Back to insights

Enterprise Technology and the Jobless Recovery

Nate Lentz
January 7, 2011

Many people look at the current economic indicators and shake their heads.   Unemployment just under 10%, consumer debt issues lingering, over 3 million additional home foreclosures expected in the next 12 to 18 months, yet the Dow is close to or above where it was when the financial crisis hit in the third quarter of 2008.

How is it that business has recovered and jobs have not?

I came across an article written by the consultancy, Oxford Analytics, which was published on almost 18 months ago.   This article gave predictions for the jobless recovery and the reason for it.  I have pulled some key points:

“ Jobless recovery. Economic theory offers a possible explanation as to why the effect of downturns on labor demand can be extremely long-lived or, in other words, why recovery, in effect, can be ‘jobless’:

–When there is a downturn in economic activity, employment rates fall (i.e., jobs are lost) and companies stop investing in new technology.

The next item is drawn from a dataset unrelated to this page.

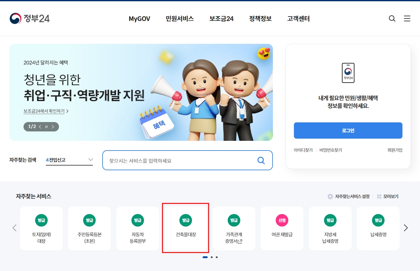 1. 정부24 홈피이제 접속하여 로그인을 한다.

–However, since the innovation cycle is much longer than most downturns in the business cycle, the rate of innovation in the economy is not overly affected–new discoveries continue to be made.

–This means that when demand starts to recover, surviving companies have the option to buy into the latest technology.

–Those that do so soonest are likely to be the most competitive and hence best able to increase productivity.

–For a time, companies can increase production by investing in new technologies, and thus delay re-hiring people. “

As enterprise technology investors, we at Osage Ventures have had the opportunity to see the impact of the recession and recovery on a variety of portfolio companies as well as on hundreds of businesses who come to us seeking capital.  What we have seen, especially over the last twelve months, is strong confirmation of these predictions.  Corporations that typically purchase technology from our portfolio companies are indeed opting to spend dollars to improve productivity through technology investment instead of hiring or rehiring and that the prediction of 18 months ago is being realized to the detriment of the American worker and to the benefit of enterprise technology innovators.

To extend this thought further, one could argue that the cutting of people and the temporary freeze on technology spending shifted the status quo for IT departments and that when spending on technology was restarted, it was done with a sense of urgency that this spending must be efficient, must address the most critical corporate issues, and must be focused on step change, not incremental innovation  –  innovation which had continued to evolve and to push forward during the recession

We believe that the benefits of this corporate technology spending shift will accrue to the new innovators in enterprise technology and not the traditional legacy technology providers, thus creating a very attractive investing environment in the foreseeable future.